Üçüncü beş yıllık plan döneminde GSMH nin ortalama yıllık büyüme hızı ne olmuştur?
Üçüncü beş yıllık plan döneminde GSMH’nin ortalama yıllık büyüme hızı; %6,5 olmuştur, ancak hedeflenen gsmh %7,9 idi.
Aşağıdakilerden hangisi, 1958 yılında alınan istikrar karalarından değildir?
1958 yılında alınan istikrar karalarından bazıları şöyledir; Para arzı sıkı kontrol altına alınacak. Kamu iktisadi kuruluşlarının ürünlerinin fiyatları yükseltilecek ve açıkları kapatılacak. DPT’nin görevleri kısıtlanacaktır. İthalat rejimi yeniden düzenlenecek, ihtiyaçlar için üç aylık kotalarla ve bir program içinde yürütülecek. Bütçe denkliği için gelir artırılırken harcamalar kısılacak gibi faaliyetlerin yapılması düşünülmektedir. DPT’nin görevinin kısıtlanması gibi bir durum söz konusu değildir.
Aşağıdaki II. Dünya Savaşı sonrası gelişmeler ile gerçekleştikleri tarih eşleştirmelerinden hangisi yanlıştır?
Kore’ye asker 1950 tarihinde gönderilmiştir.
Montrö Boğazlar Sözleşmesi’nin imzalanması hangi yıl olmuştur?
1936’da Lozan Boğazlar Sözleşmesi’ni Türkiye’nin lehine değiştiren Montrö Boğazlar Sözleşmesi imzalanmıştır.
Demokrat Parti döneminde hükümeti Adnan Menderes kurarken TBMM başkanlığına kim seçildi?
22 Mayıs’ta Cumhurbaşkanı seçilen Celal Bayar’ın parti başkanlığını bırakması ile cumhurbaşkanının partisiz olması şeklen de olsa sağlanmış oldu.

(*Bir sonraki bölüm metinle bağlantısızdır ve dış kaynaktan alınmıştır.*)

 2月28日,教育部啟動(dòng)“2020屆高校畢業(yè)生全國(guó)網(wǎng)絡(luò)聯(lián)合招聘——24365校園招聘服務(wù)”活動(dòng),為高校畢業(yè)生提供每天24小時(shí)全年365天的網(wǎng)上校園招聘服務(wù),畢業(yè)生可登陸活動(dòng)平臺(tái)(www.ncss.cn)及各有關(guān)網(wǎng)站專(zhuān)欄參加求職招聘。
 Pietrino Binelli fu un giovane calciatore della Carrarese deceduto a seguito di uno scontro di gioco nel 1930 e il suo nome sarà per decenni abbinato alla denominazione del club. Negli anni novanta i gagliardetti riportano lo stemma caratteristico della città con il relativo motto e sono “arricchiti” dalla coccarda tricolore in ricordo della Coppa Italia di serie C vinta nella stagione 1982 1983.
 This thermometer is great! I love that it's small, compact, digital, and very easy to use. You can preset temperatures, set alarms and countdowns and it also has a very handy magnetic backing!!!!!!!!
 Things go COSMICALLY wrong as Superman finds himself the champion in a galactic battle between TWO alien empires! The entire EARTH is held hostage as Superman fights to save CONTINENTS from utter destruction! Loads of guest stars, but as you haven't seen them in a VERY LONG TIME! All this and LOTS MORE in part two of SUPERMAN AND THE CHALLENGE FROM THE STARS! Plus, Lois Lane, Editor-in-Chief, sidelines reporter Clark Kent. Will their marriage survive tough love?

Hükümeti Adnan Menderes kurarken Refik Koraltan, TBMM başkanlığına seçildi.
Ordunun idareye el koyduktan sonra oluşturulan Milli Birlik komitesinin başında kim vardır?
Milli Birlik Komitesi’nin başına getirilen Kara Kuvvetleri Komutanı Cemal Gürsel’dir.

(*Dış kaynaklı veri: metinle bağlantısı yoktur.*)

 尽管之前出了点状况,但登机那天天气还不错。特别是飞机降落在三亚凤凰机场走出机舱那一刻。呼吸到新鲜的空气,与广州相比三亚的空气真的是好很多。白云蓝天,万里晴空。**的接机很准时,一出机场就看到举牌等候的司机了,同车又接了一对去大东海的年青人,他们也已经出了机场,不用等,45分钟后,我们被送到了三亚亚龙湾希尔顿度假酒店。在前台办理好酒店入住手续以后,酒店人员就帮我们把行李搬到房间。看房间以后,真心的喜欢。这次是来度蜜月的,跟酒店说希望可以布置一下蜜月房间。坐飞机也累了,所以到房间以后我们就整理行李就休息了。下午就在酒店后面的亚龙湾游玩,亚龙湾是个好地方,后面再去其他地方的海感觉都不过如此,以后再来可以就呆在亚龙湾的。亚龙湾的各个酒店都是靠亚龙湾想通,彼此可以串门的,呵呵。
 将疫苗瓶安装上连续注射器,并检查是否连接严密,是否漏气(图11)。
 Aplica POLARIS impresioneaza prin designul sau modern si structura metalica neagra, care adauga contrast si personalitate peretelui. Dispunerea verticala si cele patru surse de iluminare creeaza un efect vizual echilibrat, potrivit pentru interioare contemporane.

1969 yılında sosyal yapıdaki huzursuzlukların ilk işareti hangi ilçede olmuştur?
1969 Seçimlerinden sonra sosyal yapıdaki huzursuzlukların ilk işaretini Çorlu’da köylülerin işgal ettikleri bir çiftlikten askerî birliklerin yardımıyla çıkarılması veriyordu. Türkiye’de toplam nüfusun %1’i çalışan nüfusun ise %2 si 1961-1969 yılları arasında yurt dışına gitmişti. Gittikleri yerde uyum problemleri dolayısıyla çok sıkıntı çeken bu insanların gönderdikleri döviz miktarı Türkiye’nin 1969 ithalatının %70’ini karşılamaktaydı. İçerde ise köyden kente göç bütün hızıyla sürüyordu. Bu işsizliğin daha da artacağının işaretiydi. Zira yeni iş sahaları açılmadığı gibi mevcutların daha verimli çalıştığını gösteren bir bilgi de yoktu. Büyük şehirlerdeki fabrikalarda da işçiler ücret ve sosyal imkânların iyileştirilmesi için grev yaparken artık polisle hatta askerle karşı karşıya kalıyorlardı.